── Records for this task

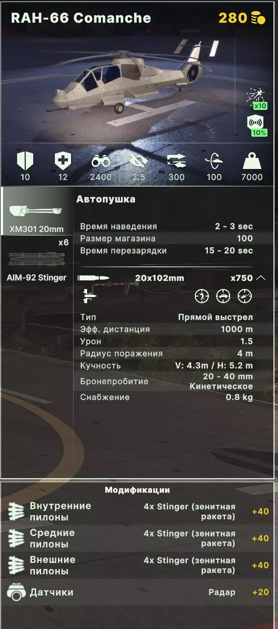 RAH-66科曼奇直升机初看之下生命值高得离谱,就像史前巨蟒一样,但当你看到它2.5的隐蔽性时,一切都变了。没错,这是一架隐形直升机,在大多数情况下它都拥有先手优势。这是一款真正的多面手载具,可以装备它深入敌后执行敌方大型防空和火炮的侦察任务,也能用于高效对抗敌方直升机,因为这个“怪物”能搭载多达12枚“毒刺”导弹。不过,其价格也与此性能相符。
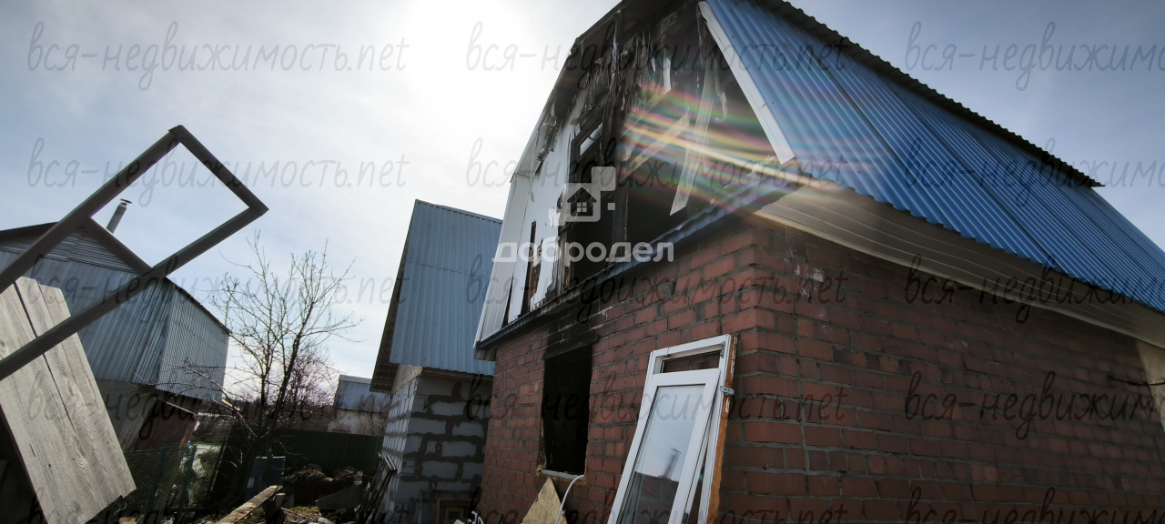 ДОМ: кирпичный, 2 этажа 27,5 м2., крыша профнастил. Фундамент свайный. Печь из кирпича. Зимой дом сгорел внутри из-за замыкания проводки. Снаружи дом целый, но внутри ничего нет, печь целая, стены и крыша тоже.
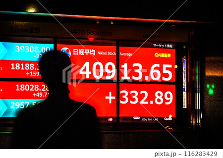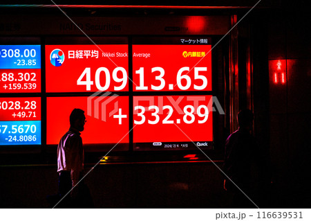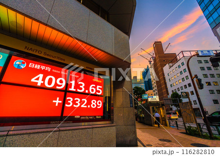 日本の東京都市景観 4万円突破の日経平均を更新4万913円65銭…株価ボード/終値=4日、日本橋兜町
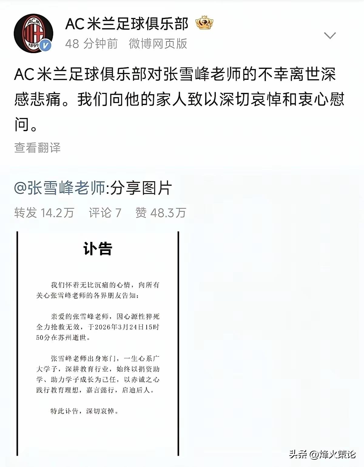 官媒对一个普通人离世的报道, 体现了国家层面对张雪峰老师的认可。 新华社、人民日报、央视新闻…… 这些平日里高高在上的“国社”、“央妈”, 竟然齐刷刷地转发了一则关于他的讣告。 张雪峰老师用专业与热爱, 点亮了万千学子的升学路, 以一介平民之身获官媒定格, 既是他的荣幸,更是时代的温暖。 这世间最动人的荣光, 从来都属于那些平凡 却不甘平庸、普通却心怀他人的人。
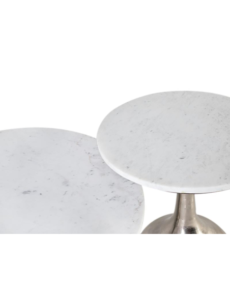 Set de 2 mesas auxiliares aluminio gota tapa mármol

────

From the records above, copy only the lines running from the line holding "ДОМ: кирпичный, 2" through the line holding "日本の東京都市景観 4万円突", with no pictures.

● **Task solution**:
 ДОМ: кирпичный, 2 этажа 27,5 м2., крыша профнастил. Фундамент свайный. Печь из кирпича. Зимой дом сгорел внутри из-за замыкания проводки. Снаружи дом целый, но внутри ничего нет, печь целая, стены и крыша тоже.
 日本の東京都市景観 4万円突破の日経平均を更新4万913円65銭…株価ボード/終値=4日、日本橋兜町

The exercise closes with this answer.